Did you go back to your friends, the Caduveos, Bororó or Nambicuara Indians whom you had studied in Brazil?
«In 1985 Brasilia was one of the stops on the presidential trip. The newspaper O Estrado de Sao Paulo suggested that I take me back to the Bororó family, a journey that in 1935 had cost me a lot of effort but which, by plane, could be done in a few hours. So one morning we boarded a small plane that could only carry three passengers: my wife, a Brazilian colleague and myself. The plane flew over the Bororó territories, and we could even see some villages still with their circular structures, but each one now equipped with a landing ground. After flying over them, the pilot told us: I could land, but the runways are so short that maybe I won’t be able to leave! We therefore gave up and returned to Brasilia, going through a terrifying storm. I thought our life had never been so exposed to risk, not even at the time of my expeditions. All of this showed how much the country had changed. Therefore, I did not see the Bororó in flesh and blood again, but their territory; I flew over that Rio Vermelho, a tributary of the Paraguay River, which I had taken several days to get back in a pirogue and which, now, was bordered by an asphalted road ».
Can one be physically and forever marked by a country?
“Surely. As I said, what struck me the most when arriving in Brazil was nature, as it could still be contemplated on the slopes of the Serra do Mar; then, when I was able to go inside, again, it was a nature so totally different from the one I had known … But there is also a dimension to which we do not always pay attention and which for me has been capital: that of the urban phenomenon . When I arrived in São Paulo it was said that a house was built per hour. And there was a British company that, for only four or five years, had been opening the territories west of the state of Sao Paulo. He built a railway line and planned a city every 15 kilometers. In the first, the oldest, there were 15,000 inhabitants, in the second five thousand, in the third a thousand, then 90, then 40 and, in the most recent, only one, a Frenchman. At that time, one of the great privileges of Brazil was to be able to witness, in an almost experimental way, the formation of that fantastic human phenomenon that is a city. Here, the city is sometimes the result of a decision by the state, but above all of millions of small individual initiatives taken over the centuries. In Brazil in the 1930s, this process was shorter, taking place in a few years. Of course, since I practiced ethnography, Indians were essential for me, but this urban experience counted for a lot; one Brazil and the other lived together, but at a safe distance. When I went to Mato Grosso for the first time, Brasilia did not yet exist, but there had already been a first attempt to create a city from nothing, Gioiania, which did not go through. The central plateau, the Planalto, is magnificent: there the sky attracts more than anything “.
Mario de Andrade had imagined with a lot of humor Macunaïma, a liar and lazy Tapanhuma Indian from the Amazon: became emperor of the virgin forest with his marriage, he landed in the city of São Paulo to retrieve an amulet before being transformed into a constellation, the Great Bear . Does this indigenous spirit, this link between city, forest and myth still persist? Did it follow its evolution?

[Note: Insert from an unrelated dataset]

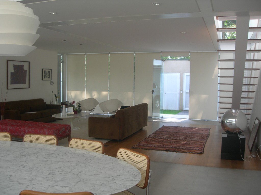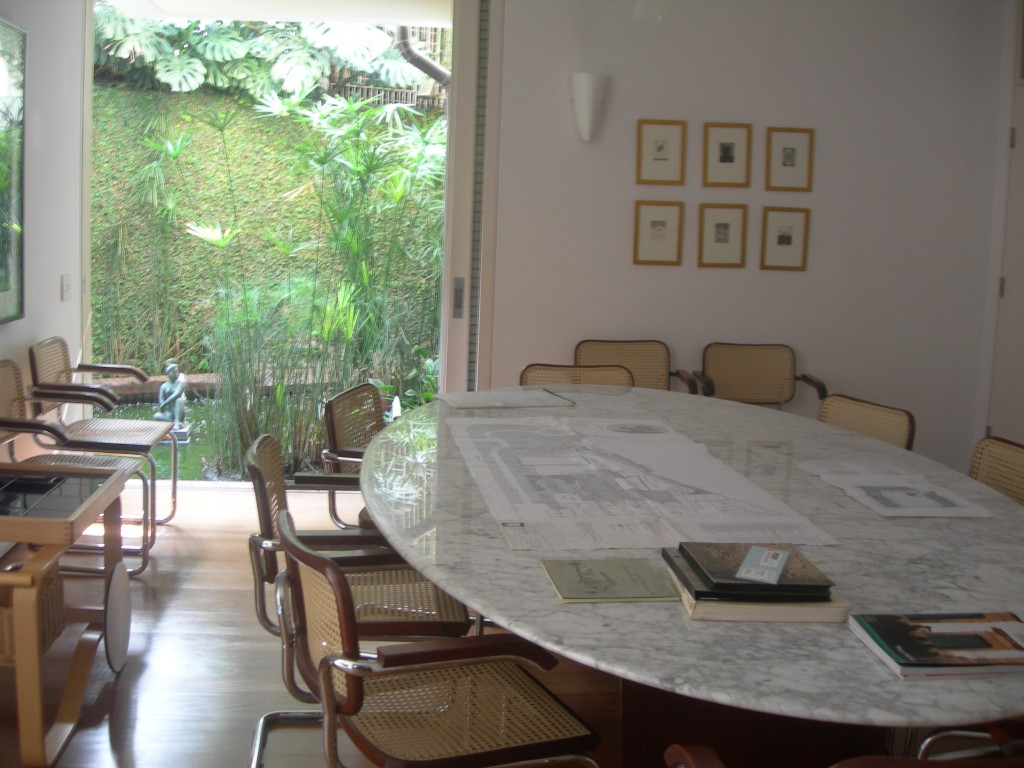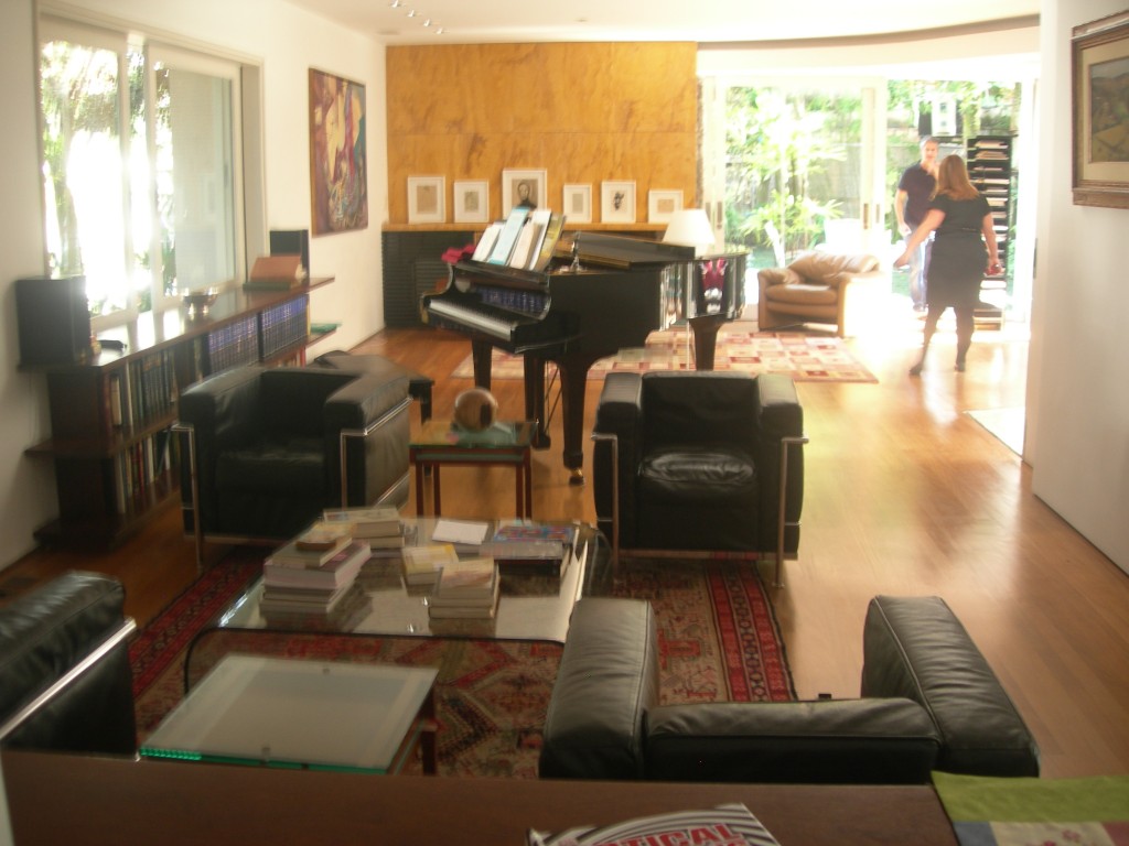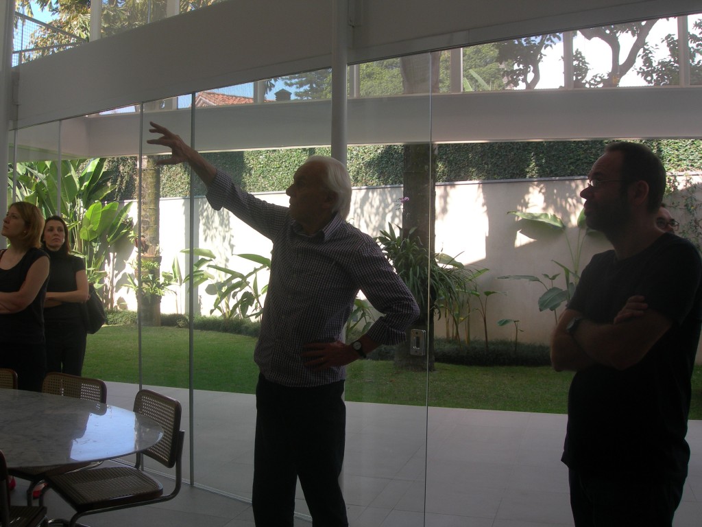 A primeira parada foi uma casa projetada por Oswaldo Bratke no Jardim Europa. Construída em 1947, ela recebeu uma bela reforma orquestrada pelo arquiteto Mauro Munhoz em 2000-2002. O terreno, assim como o resto do bairro, fica sobre um lençol freático que se move, ainda mais após décadas de construção de subsolos e piscinas nas redondezas. Com isso, parte das estacas de madeira ficaram acima do nível da água e acabaram apodrecendo. A inspiração de Bratke para esta casa veio de Frank Lloyd Wright e da ideia de que é possível (e interessante) desintegrar o conceito de cubo que existe por trás de uma casa, propondo espaços em que interior e exterior conversem e se misturem. Boa parte das paredes da casa se move sobre trilhos, criando diálogos entre as salas ou para o jardim e a piscina. A sensação é de que os espaços vão se abrindo, convidando a percorrê-los.

“I follow the evolution of the indigenous people, whom I had studied regularly at the time, with my thoughts, and thanks to colleagues much younger than me, such as those from the University of Cuiaba, in Mato Grosso, who among other things work for the Nambicuara. They write to me and send me their works. These peoples have suffered terrible suffering. They were more or less exterminated, to the point that only 5 or 10 percent of the original population had survived. But what happens today is of immense interest. These peoples got in touch with each other. By now they know what they have ignored for a long time: they are no longer alone on the universe stage. They know that in New Zealand, Australia or Melanesia there are individuals who, at different times, have gone through the same difficulties as themselves. They are aware of their common position in the world. Of course, ethnography will never again be what I was still able to practice in my time, when it was a question of finding evidence of beliefs, social formations, institutions born in complete isolation from ours, which therefore constituted an irreplaceable contribution to World Heritage Site. We are now, so to speak, in a regime of “mutual interpenetration”. We are moving towards a civilization on a world scale, where certain differences will probably appear. At least, we hope so. Differences that will no longer be the same, they will be internal and no longer external ”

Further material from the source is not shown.